═════ RECORD EXTRACTS ═════
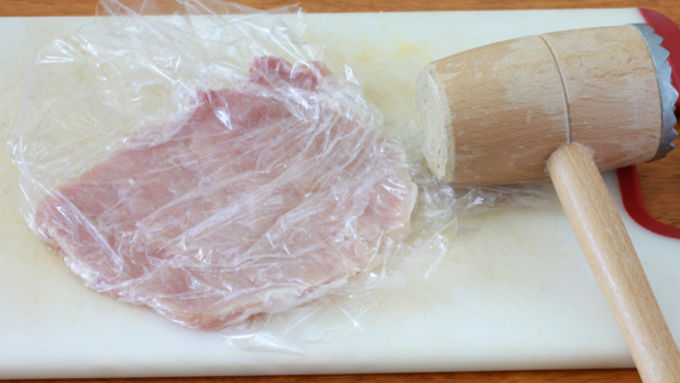 Step1Place the pork chops between two sheets of plastic wrap and pound them with the flat side of a meat tenderizer until they're 1/4 inch thick. Sprinkle lightly with salt and freshly ground black pepper. Set aside.
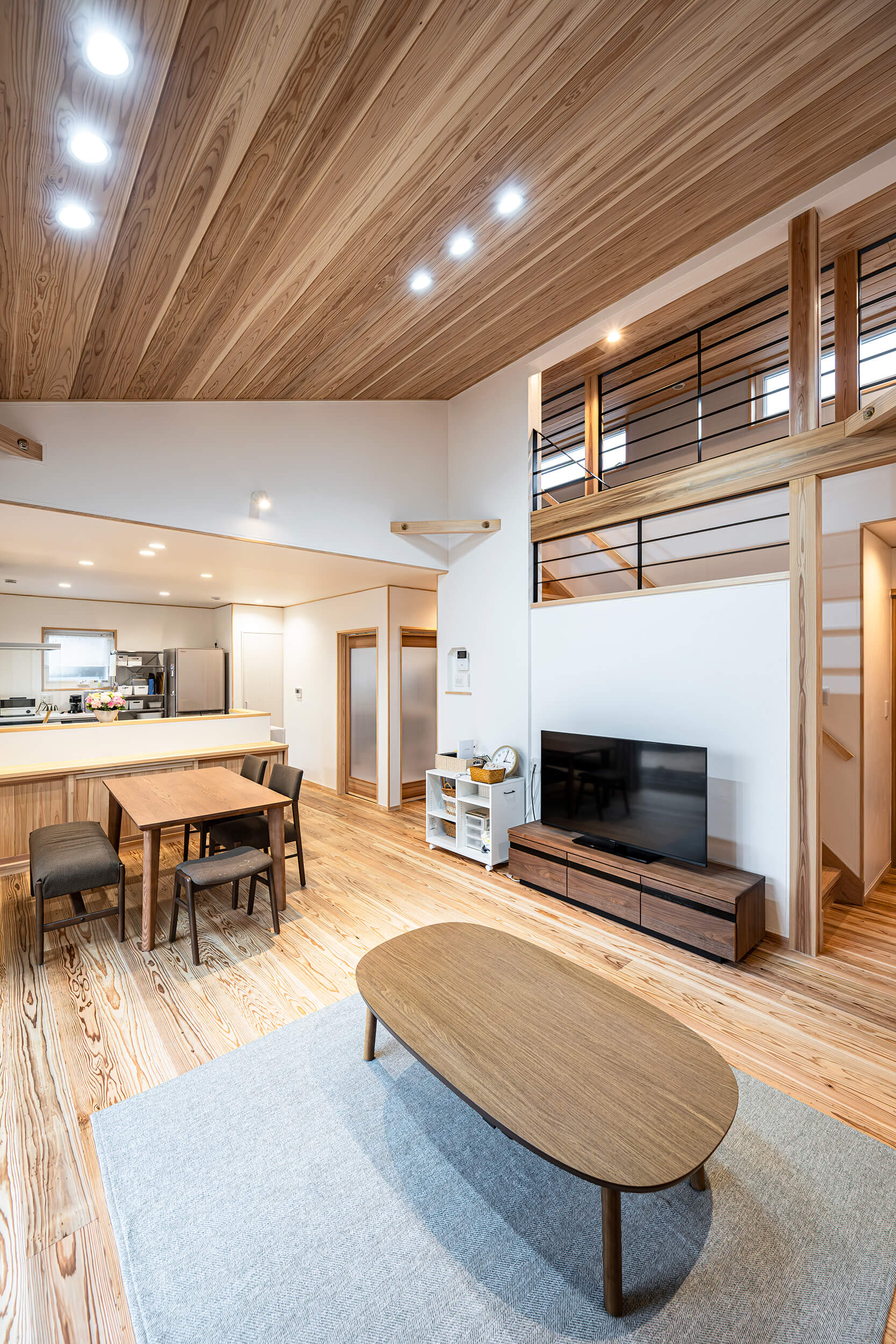 勾配天井と吹き抜けが心地よい、開放感あふれるリビング・ダイニングが特徴のお住まいです。
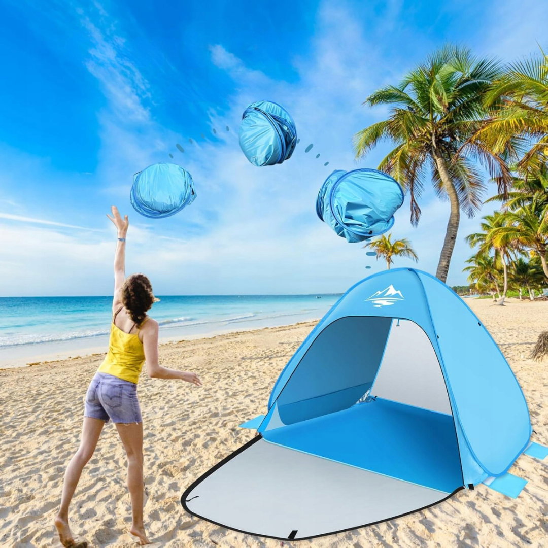 Namiot plażowy typu Pop Up, automatyczny, przenośny, dla 2-3 osób, ochrona przed promieniowaniem UV 50+, namiot kempingowy, ochrona przed wiatrem, mały rozmiar po spakowaniu, dla rodziny
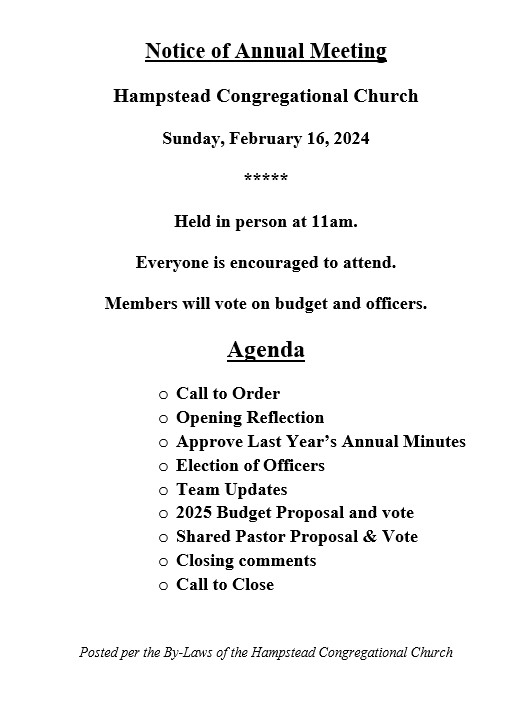 Want to get the word out about what’s happening at HCC? If you want to publicize your event or remind the congregation about something, please email the office (hcc1752@gmail.com) by Wednesday at noon so that your information can be included in that week’s Weekly Word. Feel free to send in information up to three weeks in advance of an upcoming event. We want all of the congregation (not just the Team leaders) to be empowered to get the word out about all the activities that are happening at Hampstead Congregational Church!
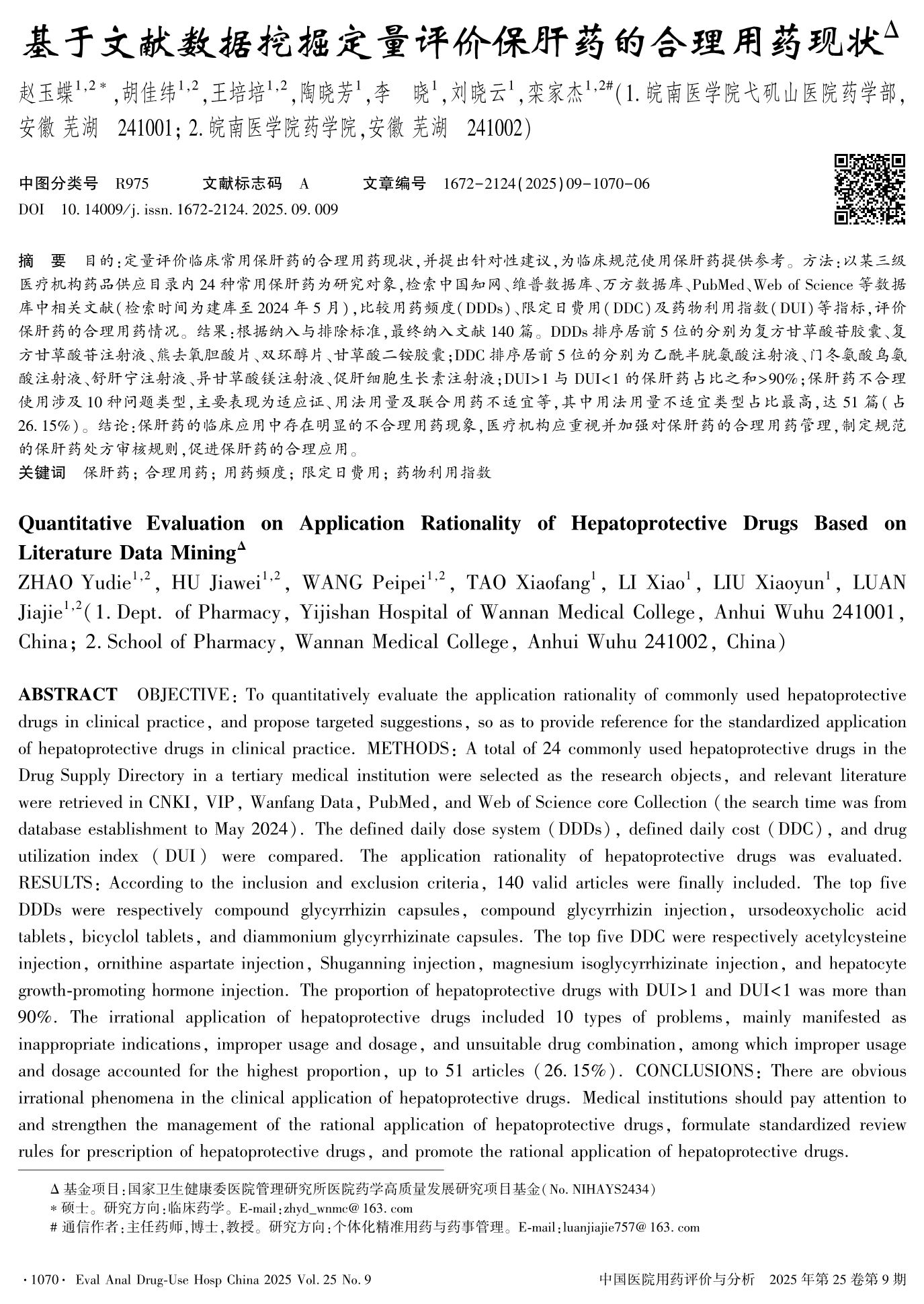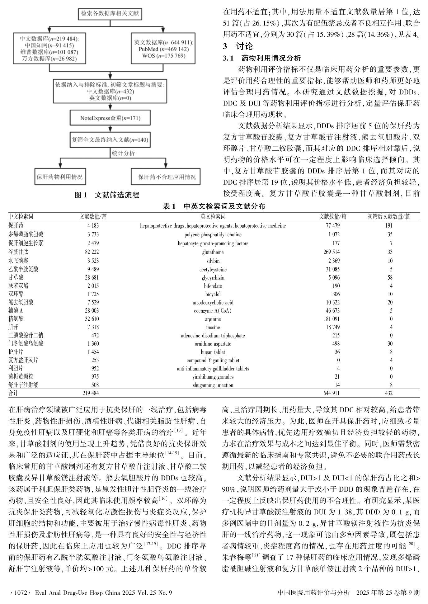 基于文献数据挖掘定量评价保肝药的合理用药现状
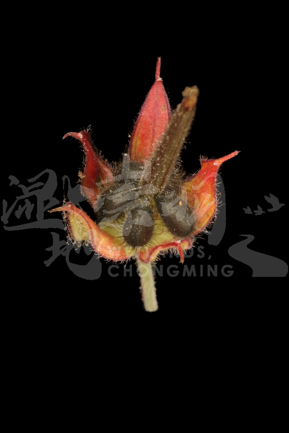 一年生草本,高10-65(-70)厘米。茎直立,具棱角,密被0.2-1.1毫米长的直立至倒生无腺毛,散生有0.2-0.7毫米的直立具腺毛。茎下部叶具长柄,上部叶柄渐短;叶1-3互生,但在花序上对生;叶片圆肾形,长2-3厘米,宽4-6厘米,掌状5-7裂至基部,基部心形,先端急尖,上面被短伏毛,下面沿脉被短伏毛;基生叶早枯;托叶披针形或三角状披针形。聚伞花序伞形,密聚集于每个枝顶;小苞片披针形;萼片长卵形或近椭圆形,背面被向上至直立毛及直立腺毛;花瓣淡紫红色,倒卵形,基部宽楔形,先端圆形或有微缺;雄蕊稍短于萼片,花丝顶端急剧变窄,具疏毛,中部以下被纤毛;雌蕊稍长于雄蕊,密被糙柔毛。蒴果长约2厘米,果皮密被0.5-1.8毫米的无腺或有时为具腺绒毛,成熟时果瓣由喙下部先裂向上卷曲。种子长椭圆形,黑褐色,表面具网纹。花期4-7月,果期5-9月。 |
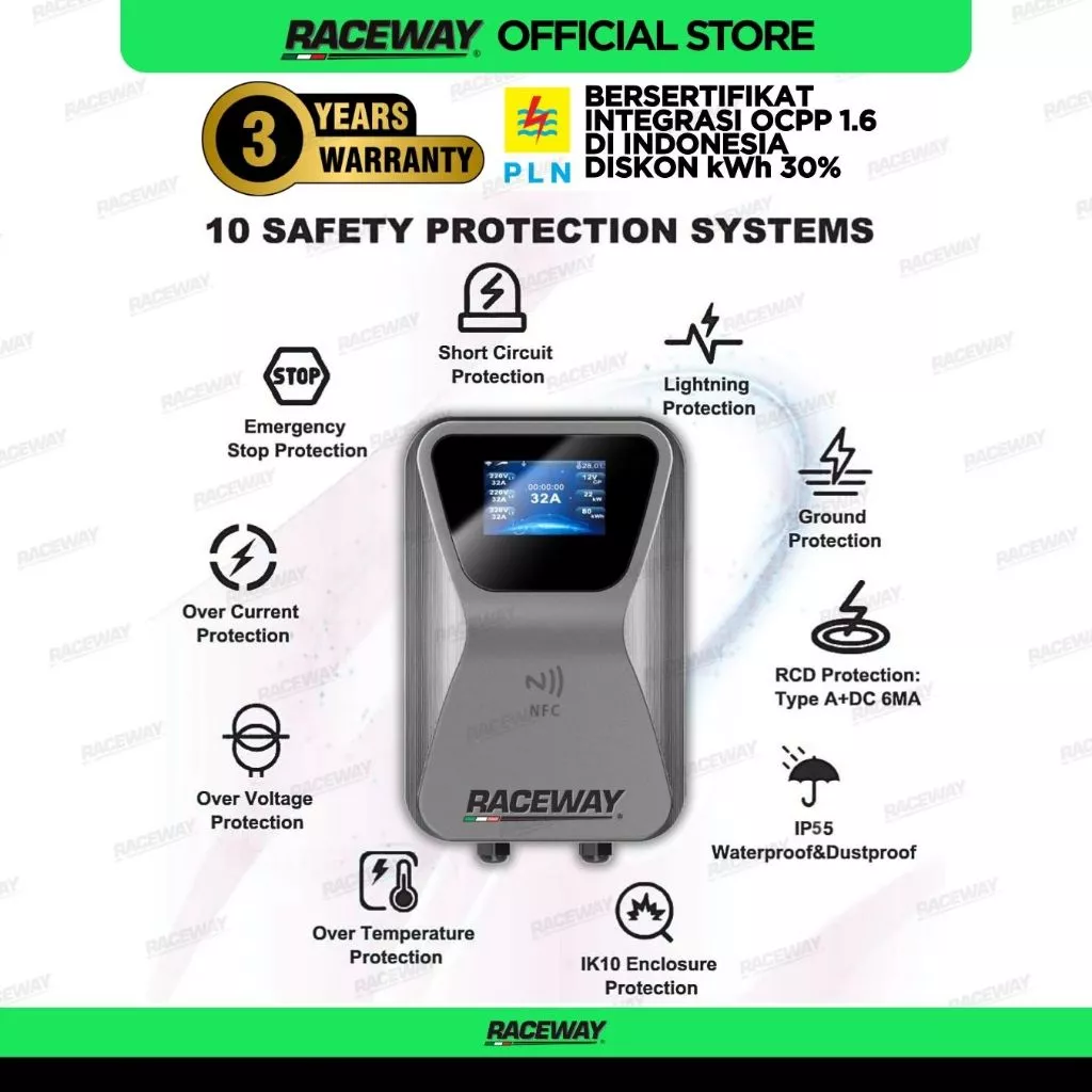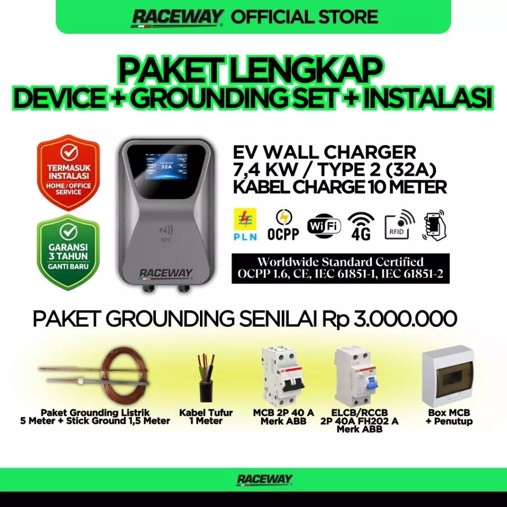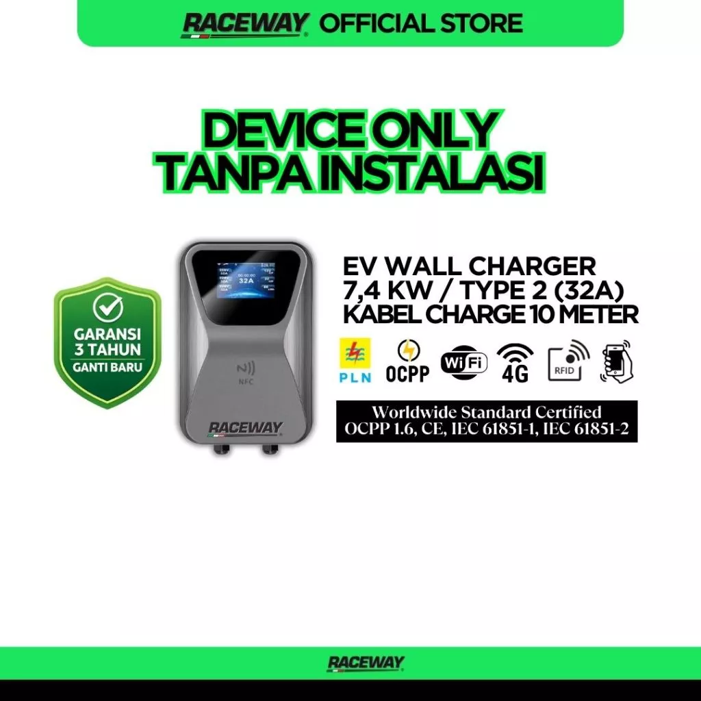 Raceway melengkapi perangkat ini dengan paket instalasi profesional gratis, memastikan pemasangan aman dan sesuai standar kelistrikan. Konsultasi awal dan survey lokasi dilakukan tanpa biaya agar titik pemasangan benar-benar optimal.
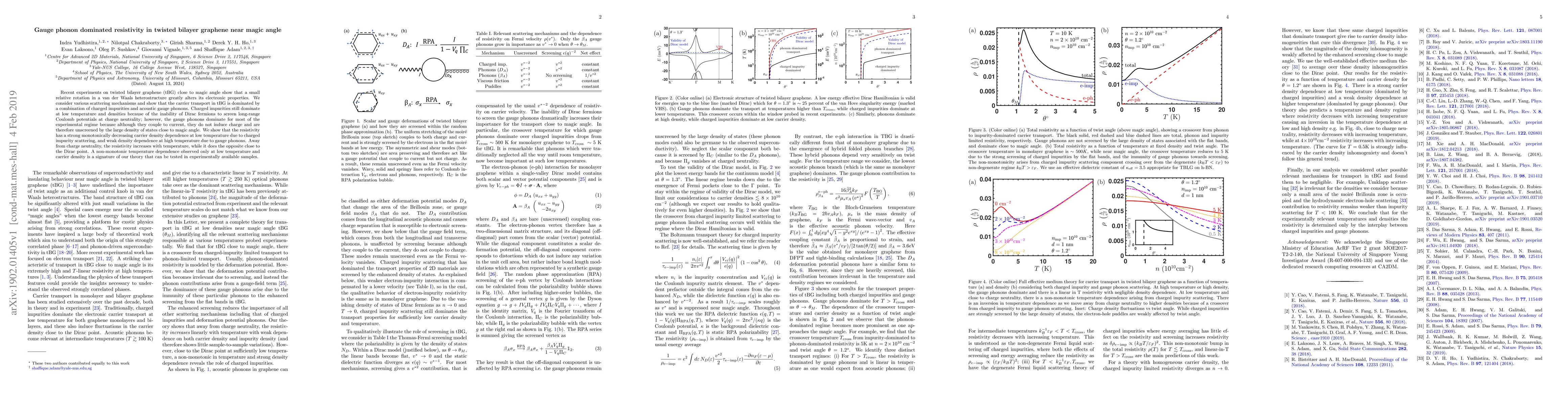 This paper explores the resistivity in twisted bilayer graphene near the magic angle, finding that it is dominated by charged impurities at low temperatures and densities, while gauge phonons play a significant role in most experimental conditions due to their unscreened coupling to current. The resistivity shows a strong decreasing dependence with carrier density at low temperatures and a non-monotonic temperature dependence at low carrier density, offering a testable prediction for future experiments.
═════
### WHAT TO WORK ON
Within these entries, output exactly the lines starting at the one with "勾配天井と吹き抜けが心地よい" and finishing at the one with "Namiot plażowy typu". Leave pictures out of the output.

### EXPECTED ANSWER
 勾配天井と吹き抜けが心地よい、開放感あふれるリビング・ダイニングが特徴のお住まいです。
 Namiot plażowy typu Pop Up, automatyczny, przenośny, dla 2-3 osób, ochrona przed promieniowaniem UV 50+, namiot kempingowy, ochrona przed wiatrem, mały rozmiar po spakowaniu, dla rodziny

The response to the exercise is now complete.